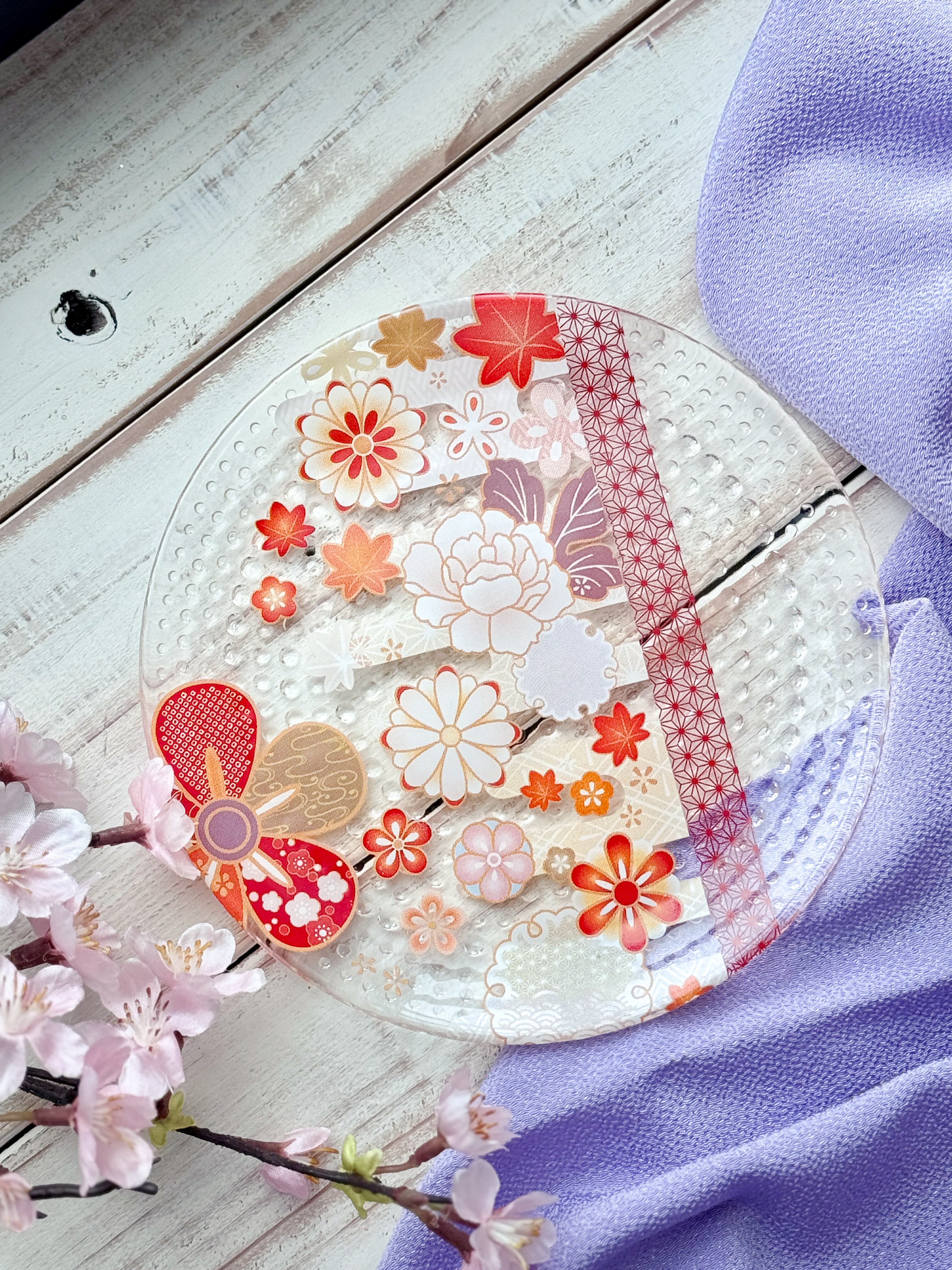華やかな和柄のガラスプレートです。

+===+

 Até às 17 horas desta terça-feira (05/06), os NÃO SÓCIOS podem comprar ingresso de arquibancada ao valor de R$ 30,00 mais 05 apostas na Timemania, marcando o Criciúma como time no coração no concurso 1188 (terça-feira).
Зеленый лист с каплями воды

+===+

Within the listing above, give again exactly every line from the line with "Até às 17 horas" through the line with "Зеленый лист с каплями воды", both included, and no other line.

▶ Expected answer:
 Até às 17 horas desta terça-feira (05/06), os NÃO SÓCIOS podem comprar ingresso de arquibancada ao valor de R$ 30,00 mais 05 apostas na Timemania, marcando o Criciúma como time no coração no concurso 1188 (terça-feira).
Зеленый лист с каплями воды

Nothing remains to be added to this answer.